I actually believe this. The reason is that there are many cooks in the search kitchen. For more than a decade, changes have been accomplished by creating software wrappers which perform certain types of functions. Like Microsoft or IBM, digging into legacy code is not something that smart engineers want to do. The vaunted “algorithm” for search is a myth created by marketers (including Google management) to prevent people from X raying the innards of an ageing, somewhat clunky system. Google is now the computing equivalent of the IRS. My belief is that Google’s original invention may require a rip and replace strategy, but so far, spot fixes seem to be the order of the day. (How many of Google’s problems with its fancy new technology fall on their sword because the search infrastructure cannot deliver? I await the New York Times Magazine analysis of that issue.)

There are some other issues I noted with the write up.

My overall impression of the article’s main “story” is that Google is presented as a vindictive company (not a single person or a single team in London) which decided in a day or two to kill Foundem. Foundem was/is a price matching technology. The technology was/is pretty good. Google could not match it. Instead of buying the company, Google intentionally moved Foundem from the top of a search results list to the bottom. Only a tiny percentage of Google searchers look beyond the first page or two of results.

The question which the write up does not ask is, “If Google were smart, why wouldn’t Google just buy Foundem. Google bought Alon Halevy’s company because it could not do what Dr. Halevy’s findability system could deliver.

Instead, the giant Google killed Foundem.

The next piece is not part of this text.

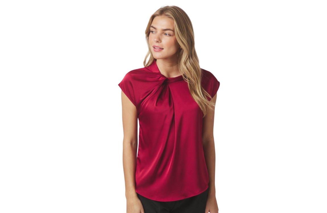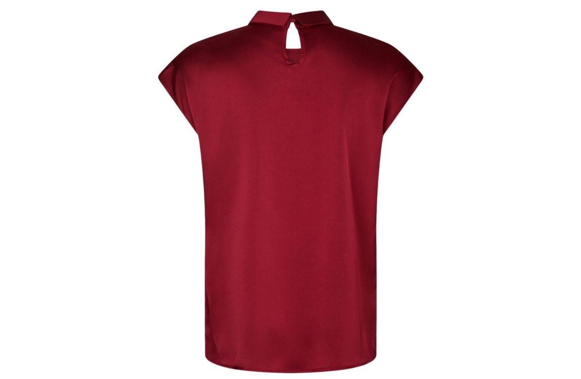 Neo Noir blouse 160990 682. Dit rechtvallende model heeft een ronde halslijn en korte, overgesneden mouwen. Deze wijnrode blouse van Neo Noir is op het voorpand bewerkt met een strik- en plooidetail en is uitgevoerd in een satijnen-look. Het model sluit aan de achterzijde door middel van een knoop.
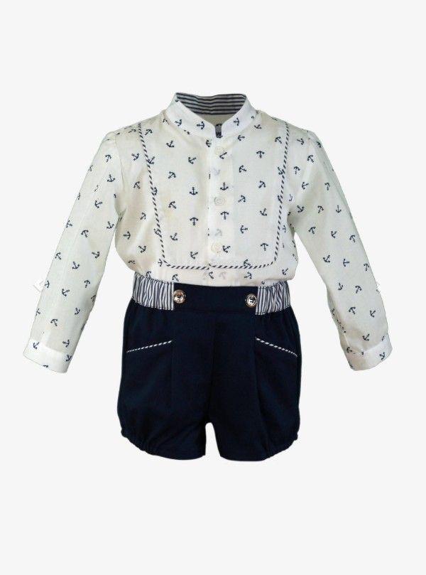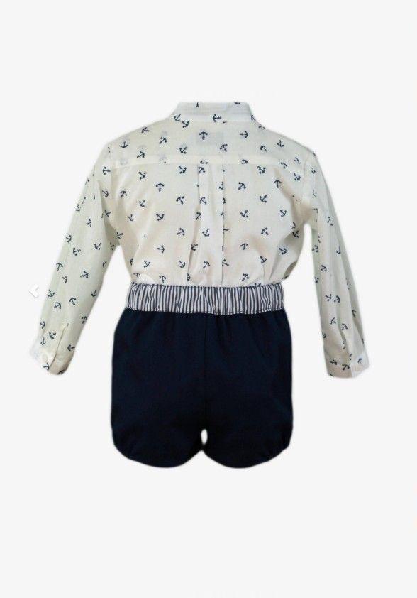 Original conjunto de ceremonia para bebe niño de la marca Miranda. Esta compuesto de camisa de manga larga de color blanco estampada de anclas que luce cuello mao y vivo de rayas en el delantero. Cierra con botonadura vista delantera. Combinada con pantalón corto azul marino, con pieza de rayas y elástico en la cintura y bolsillos funcionales en el delantero.

My hunch is that Google probably did down check Foundem, but it wasn’t a decision made by the founders. Perhaps a vindictive Google marketer talked a search engineer based in London to tweak a filter. If that were the case, the only people who would know would be the search engineer and his or her marketing pal. Oh, the Foundem people would notice because they, like many others depending on Google for free traffic, ego surf to see how their digital baby is doing.

Now that down check, if it happened in the manner I hypothesize, does reflect badly on Google. The down check, if it took place, should be criticized. But as Google has expanded, its has compromised in some of its hiring. Marketers have to hit their numbers. The annual Google game plan is designed to motivate marketers to win. Google is an engineering outfit with an engineering mindset. Clever stuff is what makes Google tick today. Management is not a core competency at Google no matter what pundits and SEO mavens believe.

I am not saying Google is without major faults. I want to make clear that as company’s expand, governance becomes more difficult. The fault is its management or lack of it. I don’t want to let Google off the hook.

My view is that if the write up had dug more deeply into how Google’s marketing interacts with filters, a more helpful depiction of how search works would have resulted. A big time outfit like the New York Times has the resources, if not the information, to dig more deeply into what happened, how, and why. That, gentle reader, is a big time story. Google bashing is far too easy and, quite frankly, not that interesting.

In short, the article was journalistic entertainment, but the information presented did little to illuminate the risks of allowing an information monopoly to flourish for more than two decades. There’s more to this story than Foundem.

Perhaps the New York Times will run a follow up about the influence of marketing on the allegedly “objective” methods used to answer a user’s query? Perhaps Part 2 is already in the pipeline. Then there is Part 3: How Google has been outflanked by the Bezos bulldozer.